WHAT THE TASK REQUIRES:
Only text belongs in your copy of the listing below; reproduce it exactly and leave out the pictures.

EXERCISE DATA:
________________
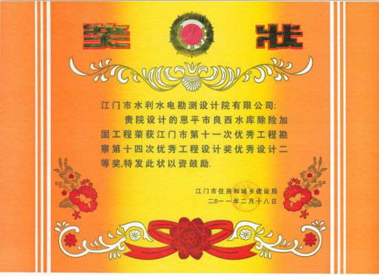 《恩平市良西水库除险加固工程》获得"江门市第十一次优秀工程勘察第十四次优秀工程设计奖优秀设计二等奖"
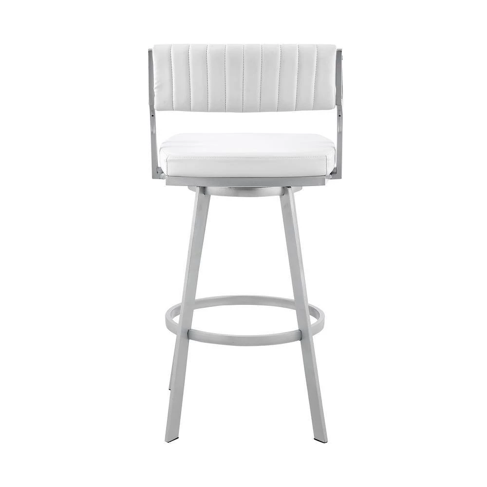 Add a modern furniture piece to your home with the Capri Swivel Modern Metal and Faux Leather Bar and Counter Height Stool. The Capri is a unique design that will be sure to start conversations at all your gatherings. Pull the Capri up to your kitchen island, counter, peninsula, bar, or pub table with ease due to the unique low arm design that allows you to sit as closely to your desired surface as needed. The Capri’s modern style silhouette is perfectly complemented by its channel style stitching on the back piece. The back of the Capri’s open-lower back design allows for cool breathable seating. Enjoy full mobility with the 360-degree swivel function that keeps you fully engaged with guests on all sides of the room. The Capri Swivel Modern Metal and Faux Leather Bar and Counter Height Stool is available in your choice of a Matte Black finish with Slate Grey faux leather, a Brushed Stainless-Steel finish and slate Gray faux leather, or a Silver finish with your choice of White or Slate Grey faux leather upholstery and comes in a Bar 30″ height or a Counter 26″ height and can support up to 250lbs per stool.
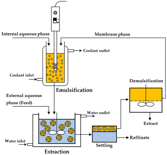 Emulsion liquid membrane (ELM) extraction is a compelling solution that combines extraction and stripping within a single, self-contained droplet system. The internal aqueous (stripping) phase is stabilized by a surfactant and dispersed into very fine droplets, ranging from 1 to 3 µm, via high-speed agitation [13]. These droplets are then encapsulated within the organic membrane phase, forming a water-in-oil (W/O) emulsion. The resulting emulsion disperses into the external aqueous feed phase as globules ranging from 100 to 2000 µm in diameter [13]. The dispersed emulsion’s high interfacial surface area dramatically accelerates mass transfer, enabling rapid uptake of solutes without requiring large external tanks or multistage contactors. Compared to thermal or crystallization methods, energy demands are reduced, and the compact, modular configuration of ELM facilitates scaling up and on-site deployment [14,15]. Tailoring the membrane composition allows operators to achieve remarkable selectivity for solutes. The closed-loop nature of the process reduces solvent inventory and minimizes reagent losses.
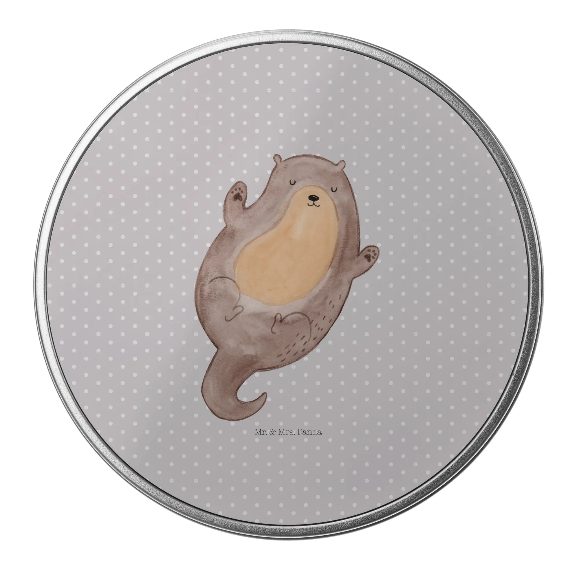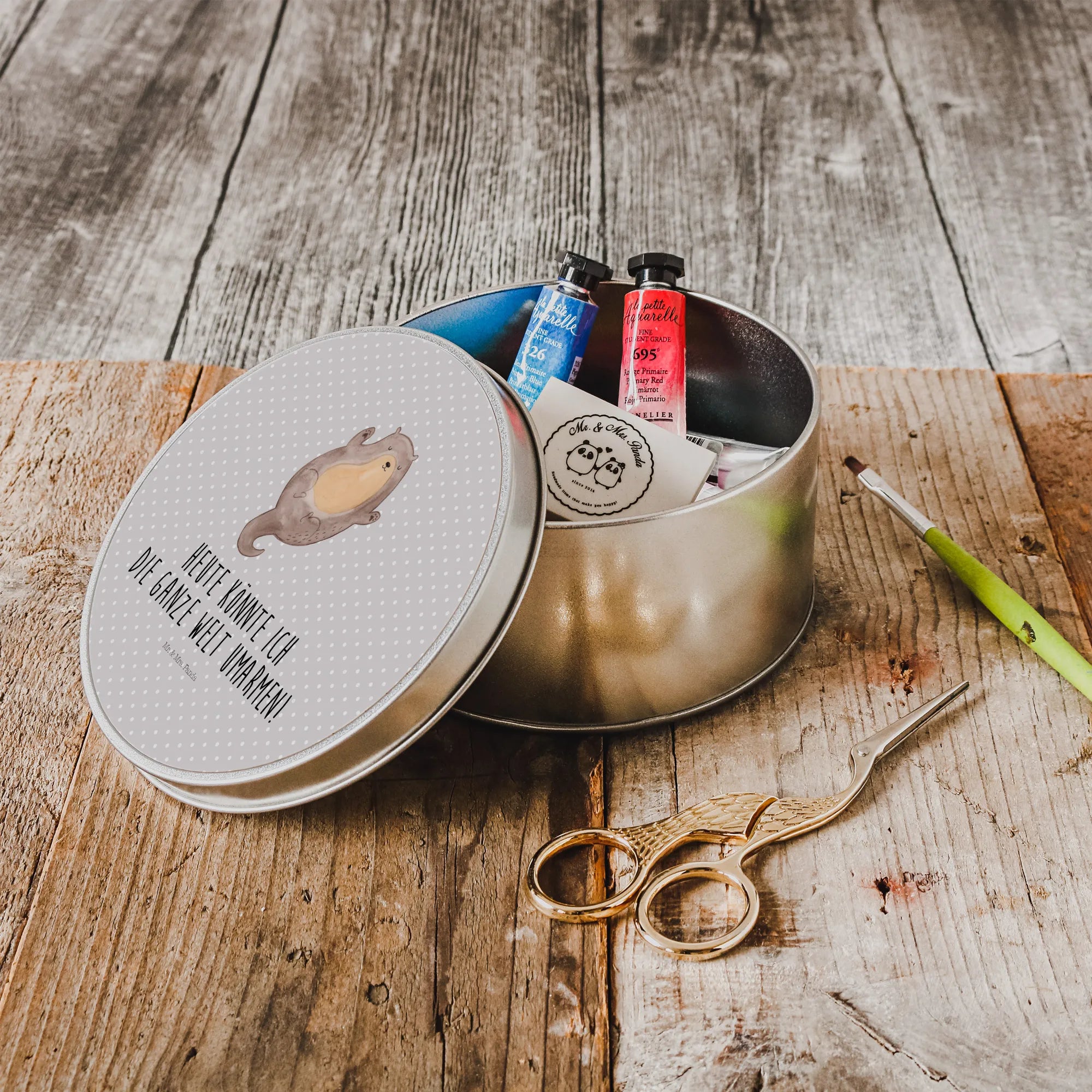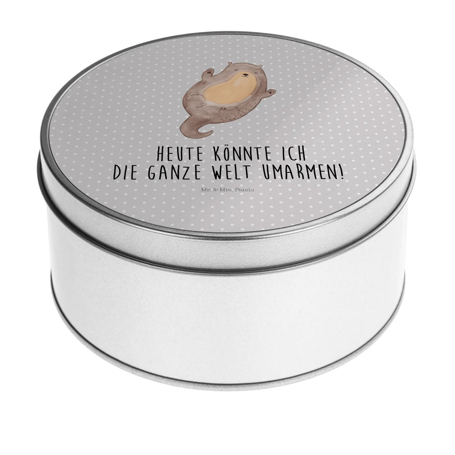 okrągła puszka z blachy wydra Przytulić - z napisem
________________
EXERCISE RESULT:
 《恩平市良西水库除险加固工程》获得"江门市第十一次优秀工程勘察第十四次优秀工程设计奖优秀设计二等奖"
 Add a modern furniture piece to your home with the Capri Swivel Modern Metal and Faux Leather Bar and Counter Height Stool. The Capri is a unique design that will be sure to start conversations at all your gatherings. Pull the Capri up to your kitchen island, counter, peninsula, bar, or pub table with ease due to the unique low arm design that allows you to sit as closely to your desired surface as needed. The Capri’s modern style silhouette is perfectly complemented by its channel style stitching on the back piece. The back of the Capri’s open-lower back design allows for cool breathable seating. Enjoy full mobility with the 360-degree swivel function that keeps you fully engaged with guests on all sides of the room. The Capri Swivel Modern Metal and Faux Leather Bar and Counter Height Stool is available in your choice of a Matte Black finish with Slate Grey faux leather, a Brushed Stainless-Steel finish and slate Gray faux leather, or a Silver finish with your choice of White or Slate Grey faux leather upholstery and comes in a Bar 30″ height or a Counter 26″ height and can support up to 250lbs per stool.
 Emulsion liquid membrane (ELM) extraction is a compelling solution that combines extraction and stripping within a single, self-contained droplet system. The internal aqueous (stripping) phase is stabilized by a surfactant and dispersed into very fine droplets, ranging from 1 to 3 µm, via high-speed agitation [13]. These droplets are then encapsulated within the organic membrane phase, forming a water-in-oil (W/O) emulsion. The resulting emulsion disperses into the external aqueous feed phase as globules ranging from 100 to 2000 µm in diameter [13]. The dispersed emulsion’s high interfacial surface area dramatically accelerates mass transfer, enabling rapid uptake of solutes without requiring large external tanks or multistage contactors. Compared to thermal or crystallization methods, energy demands are reduced, and the compact, modular configuration of ELM facilitates scaling up and on-site deployment [14,15]. Tailoring the membrane composition allows operators to achieve remarkable selectivity for solutes. The closed-loop nature of the process reduces solvent inventory and minimizes reagent losses.
 okrągła puszka z blachy wydra Przytulić - z napisem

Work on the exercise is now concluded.